Showing posts with label Elijah. Show all posts
Showing posts with label Elijah. Show all posts

Monday, 10 August 2015

Word Become Bread! Bread Become Flesh!


“Moses said to YHWH, “But, never in my life have I been a man of eloquence,either before or since you have spoken to your servant.” Ex 4:10



Nineteenth Sunday in Ordinary Time, Year B: 

Word Become Bread! Bread Become Flesh!


In this Sunday's 'First Testament' reading from I Kings (19:4-8) we encounter Elijah the prophet on the run. He is running for his life after defeating the priests of Baal on Mount Carmel. His victory and slaying of the priests enraged Queen Jezebel who had brought the priests of Baal to Israel. She swore to kill the holy prophet Elijah. In our section of Kings, we meet Elijah who is at the end of his physical and psychological strength, in of all places, the desert. Not even the beauty of the landscape can comfort him. There in the wilderness he asks for an end to his misery; "Lord, I have had enough! Take my life, for I am no better than my ancestors." Elijah was God's appointed prophet.

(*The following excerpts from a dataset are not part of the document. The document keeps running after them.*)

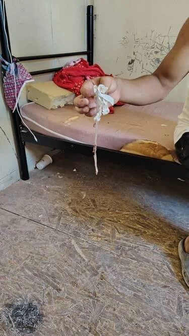 Photo shared with BVMN by a person detained in Amygdaleza, representing how dirty the containers detainees have to sleep in are, October 2025.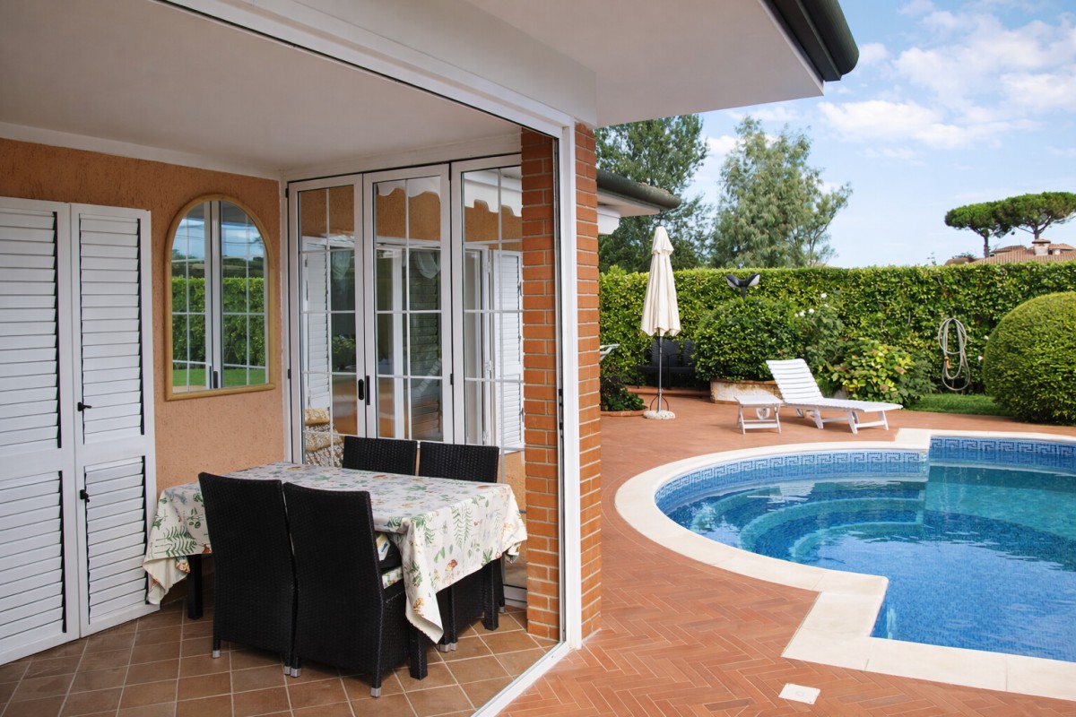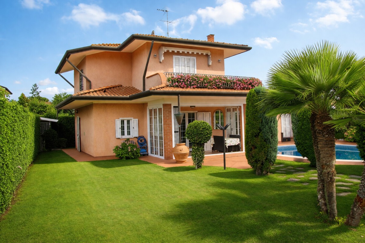 In posizione riservata e tranquilla, a circa 1.500 metri dal mare, proponiamo in vendita una raffinata villa singola, completamente libera su quattro lati e impreziosita da una splendida piscina privata, perfettamente inserita nel contesto verde che circonda la proprietà.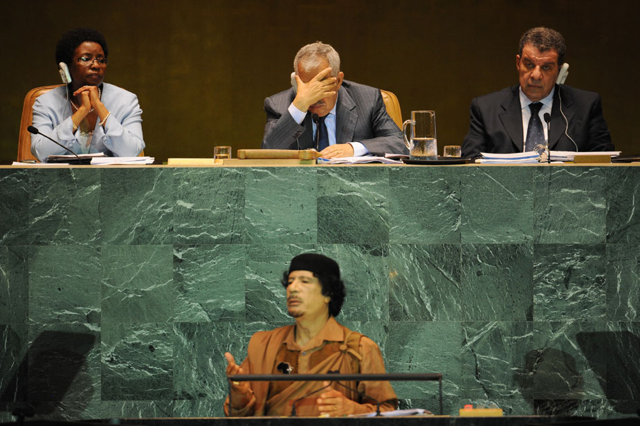 執(zhí)政40年來首次在聯(lián)合國亮相的利比亞領(lǐng)導(dǎo)人卡扎菲,23日在聯(lián)大一般性辯論上發(fā)表演講,強(qiáng)力攻擊安理會(huì)和聯(lián)合國的現(xiàn)有體制,并將原定15分鐘的演講拖到一個(gè)半小時(shí),很多國家代表團(tuán)成員最后堅(jiān)持不住,紛紛離開會(huì)議現(xiàn)場。圖片來源:中國新聞網(wǎng)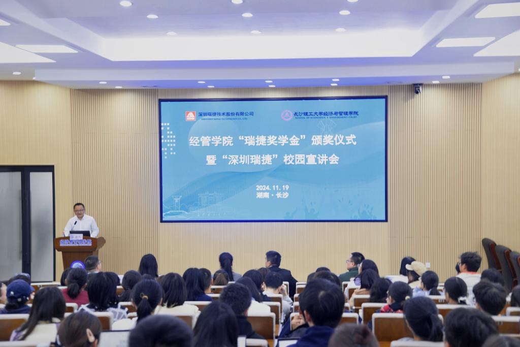11月19日下午,经管学院“瑞捷奖学金”颁奖仪式暨“深圳瑞捷”校园宣讲会在经管大楼 100 报告厅举行。深圳瑞捷技术股份有限公司是伟德betvlctor1946源于英国产学研用合作校友企业,是一家提供专业的第三方评估和项目管理服务的高新技术企业、上市公司。该公司董事长范文宏是伟德94级校友,“瑞捷奖学金”的成立体现了范文宏董事长对母校的深情厚谊,也体现了深圳瑞捷技术股份有限公司对教育事业的关心。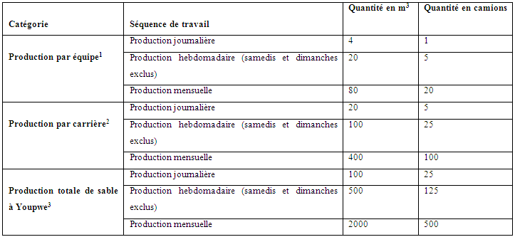 Au total la production mensuelle de sable pour l’ensemble des équipes et des carrières de Youpwe est égale à 2 000 m3 par de sable par mois. (Voir tableau n°11)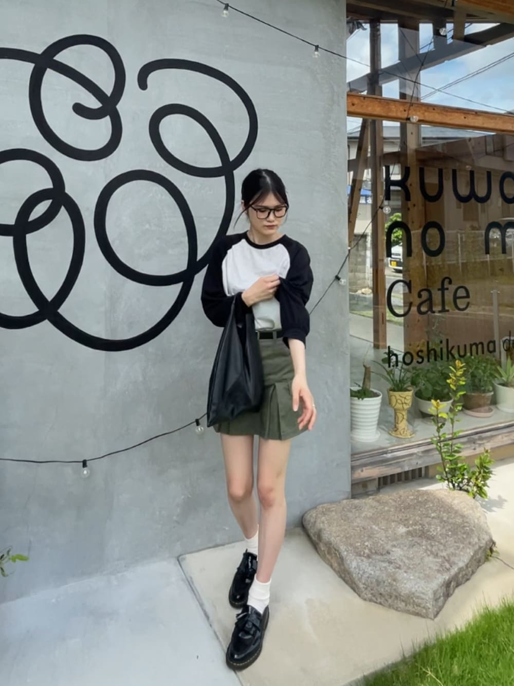 nachi*のトートバッグ「【Rain Leather/レインレザー】防水レザートライアングルマルシェバッグ/トートバッグ」を使ったコーディネート

He was doing what he was supposed to be doing, faithfully preaching God's Word. Now he is filled with self-doubt. When people experience hard times they sometimes think God is punishing them for doing something wrong. But Elijah did not do anything wrong. He is enduring the usual rejection and threats of violence inflicted on God's prophets. Some endured more than threats and were killed for their faithful service to God. This is happening even in our day.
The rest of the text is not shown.